Learns Across Projects

Every session ends with a self-review. Lessons are extracted, patterns identified, and knowledge accumulates in a private local database - making every future project smarter.

The Elevator Pitch

Volundr is a PM, architect, and engineering lead that lives inside Claude Code. You describe what you want to build. It interviews you with 5-10 targeted questions. It writes a blueprint and reviews it with a panel of virtual perspectives. It breaks work into cards with binary success criteria. It spawns specialized agent teammates - one per domain, running in parallel. It scores every deliverable, retries failures, generates behavioral rules from low scores, and writes a retrospective when done. All data stays on your machine. Nothing leaves your environment. Start with "Wake up!".

Lifecycle

How It Works

Every project follows the same five-stage flow. Volundr guides you through each stage and handles the complexity automatically.

💬

Discovery

Volundr interviews you - vision, stack, constraints, design, and review gate level. Opinionated defaults. Challenges vague requirements.

📄

Blueprint

Architecture, card breakdown, dependency graph. A virtual roundtable of perspectives debates the plan before work starts.

⚙

Execution

Agent teammates run in parallel - one per domain. Each works in an isolated worktree with trait-composed prompts. Architect and QA run alongside.

✓

Quality

Every card is scored on four dimensions. Failures get retried. Low scores generate behavioral rules. Mandatory cross-branch review before merge.

🚀

Ship

Integration testing. Guardian architecture audit. Documentation. Retrospective. Lesson promotion to the global knowledge base.

Card System

Work is broken into cards with binary testable success criteria. The dashboard enforces these - a card cannot be marked done unless all criteria pass with evidence. Quality is scored on four dimensions: completeness, code quality, format compliance, and correctness.

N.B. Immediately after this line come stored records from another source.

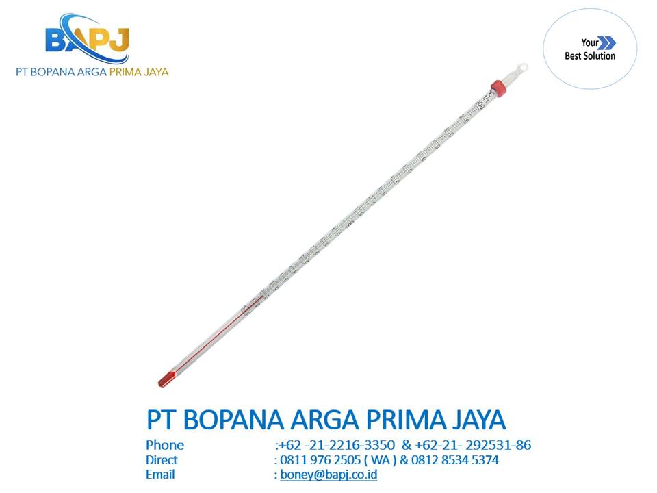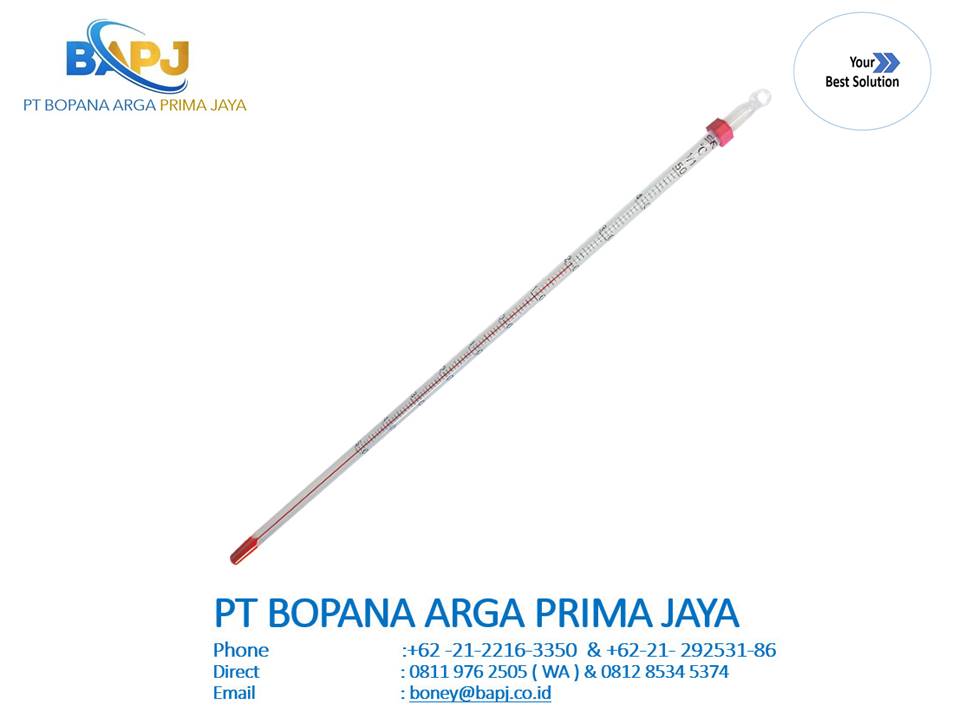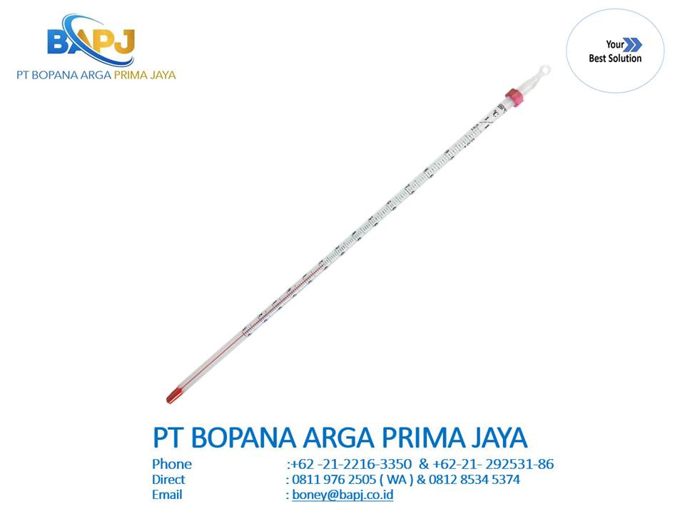 No.0290-10 Alcohol-filled Etched-stem Thermometer, 0 to 200°C, 30 cm in Blister Pack
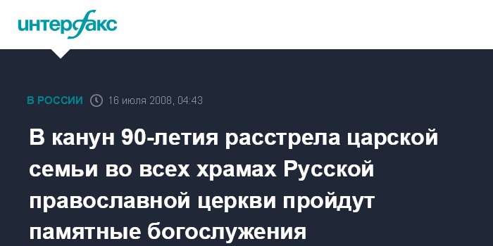 Москва. 16 июля. ИНТЕРФАКС - Во всех храмах Русской православной церкви пройдут богослужения в честь святых царственных страстотерпцев, 90-я годовщина со дня расстрела которых приходится на этот четверг.
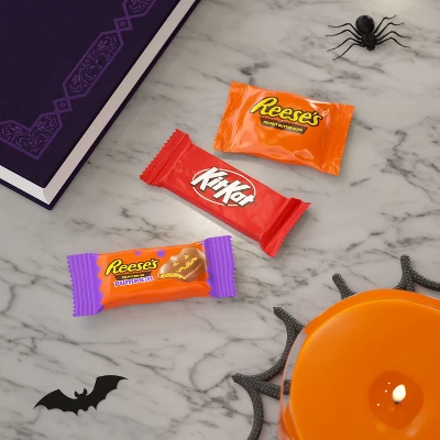 - Includes REESE’S milk chocolate peanut butter cups candy, REESE’S milk chocolate peanut butter pumpkins candy and KIT KAT® milk chocolate crisp wafer candy bars
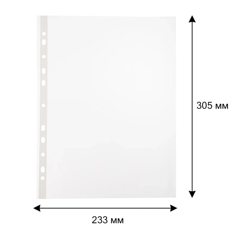 Файл-вкладыш прозрачный формата А4 с рифленой поверхностью. 100 штук в упаковке. Универсальная боковая перфорация подходит для хранения документов в любых папках с кольцевым механизмом и скоросшивателем. Вертикальная ориентация, толщина 30 мкм, вместимость файла до 50 листов бумаги. В рамках обновления дизайна упаковки с сохранением всех потребительских характеристик товара, допускается поставка данной продукции в двух вариантах дизайна упаковки.
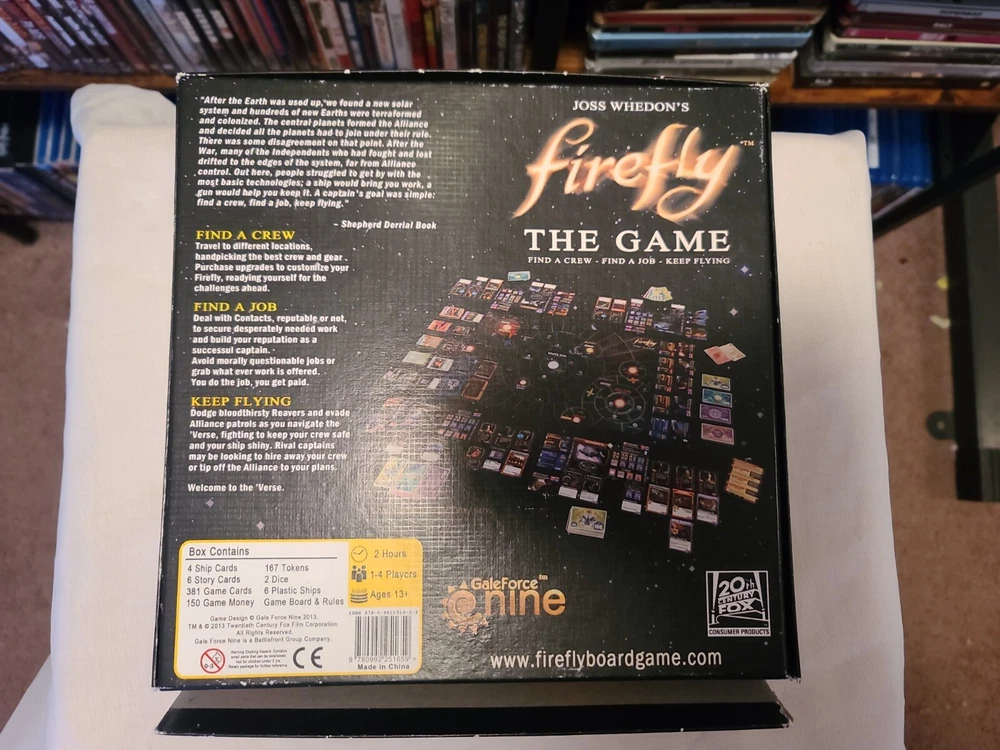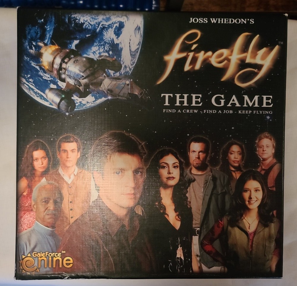 Firefly The Game Fantasy Board Game Joss Whedon 2013 Gale Force Nine COMPLETE. Please look at pictures for condition. Bottom of top cover of box is opened at both sides and has some marks on box Please look at pictures. Feel free to ask questions or for more pictures.
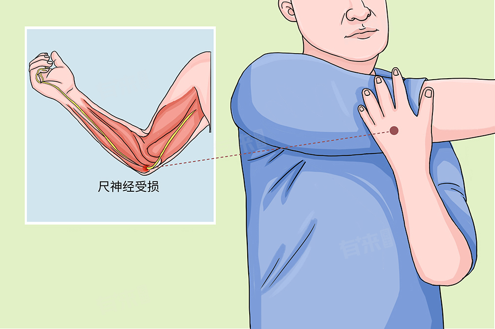 - 肘管综合征:当尺神经在肘管内受到压迫时,患者会感到手臂内侧的麻木,并可能波及小指。肘关节也可能出现肿胀、活动受限等症状。
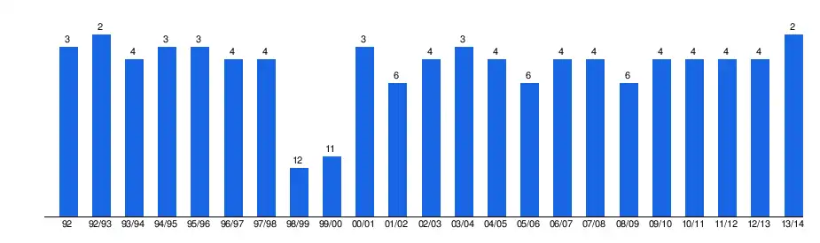 | Сезоны | И | В | Н | П | З | П | Сезоны | И | В | Н | П | З | П | Сезоны | И | В | Н | П | З | П | Сезоны | И | В | Н | П | З | П | Сезоны | И | В | Н | П | З | П |
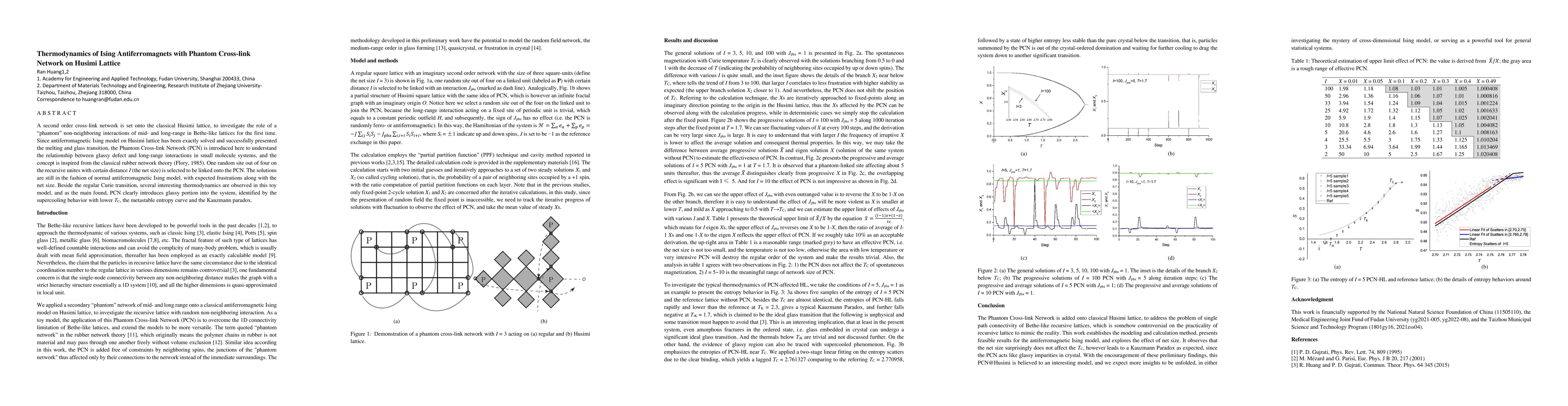 This paper explores the thermodynamics of Ising antiferromagnets on a Husimi lattice with a phantom cross-link network, revealing the impact of non-neighboring interactions. The phantom cross-link network introduces glassy behavior, evidenced by supercooling, metastable entropy, and the Kauzmann paradox.

Quality Gates & Blind Review

After every agent completes: type check, production build, smoke test, anti-pattern scan, and success criteria verification. Then a blind card reviewer (independent Haiku agent) scores the card without seeing the self-score. Both scores are tracked side-by-side. On failure: a Fixer agent retries up to twice. On double failure: escalated directly.

Persona System

The Viking Roster

21 specialized personas named after Norse mythology figures. Each persona carries expertise signals, personality traits, and a preferred work style. When a card needs doing, Volundr matches it to the right persona automatically.

How matching works: Every card has a domain, a stack, and acceptance criteria. Volundr scans the persona roster and selects the persona whose expertise tags best match the work. A database migration card? Mímir Deepwell (database specialist). A security audit? Víðarr Silentward. Frontend polish? Iðunn Goldleaf.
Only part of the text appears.